De Raad heeft het onderzoek na de zitting heropend. Het college heeft bij brief van
26 april 2018 vragen van de Raad beantwoord en een nader stuk overgelegd. Mr. Celebi heeft daarop, hoewel daartoe in de gelegenheid gesteld, niet gereageerd.
Partijen hebben toestemming gegeven een nader onderzoek ter zitting achterwege te laten, waarna het onderzoek is gesloten.
OVERWEGINGEN
1. De Raad gaat uit van de volgende in dit geding van belang zijnde feiten en omstandigheden.
Appellant ontving vanaf 19 september 2014 bijstand, laatstelijk ingevolge de Participatiewet, naar de norm voor een alleenstaande.

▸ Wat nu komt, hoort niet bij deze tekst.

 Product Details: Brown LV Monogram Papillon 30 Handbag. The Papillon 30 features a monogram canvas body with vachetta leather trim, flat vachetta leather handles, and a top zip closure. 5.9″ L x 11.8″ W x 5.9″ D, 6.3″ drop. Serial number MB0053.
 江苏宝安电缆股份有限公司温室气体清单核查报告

Ten tijde van belang stond appellant in de basisregistratie personen (Brp), ingeschreven op het adres [adres] (uitkeringsadres). Het college heeft op 5 oktober 2015 een detentiesignaal ontvangen waaruit blijkt dat appellant sinds 29 september 2015 in preventieve detentie verblijft in de penitentiarie inrichting in [gemeente 1] (PI).
Bij besluit van 14 oktober 2015, verzonden naar het uitkeringsadres, heeft het college de bijstand van appellant met ingang van 19 september 2014 ingetrokken en de over de periode van 19 september 2014 tot en met 30 september 2015 gemaakte kosten van bijstand van appellant teruggevorderd tot een bedrag van € 10.232,25. Het besluit berust op de grond dat appellant in strijd met de inlichtingenverplichting niet heeft gemeld dat hij een gezamenlijke huishouding voert met [X] ( [X] ) op haar adres en inkomsten heeft uit handel in drugs.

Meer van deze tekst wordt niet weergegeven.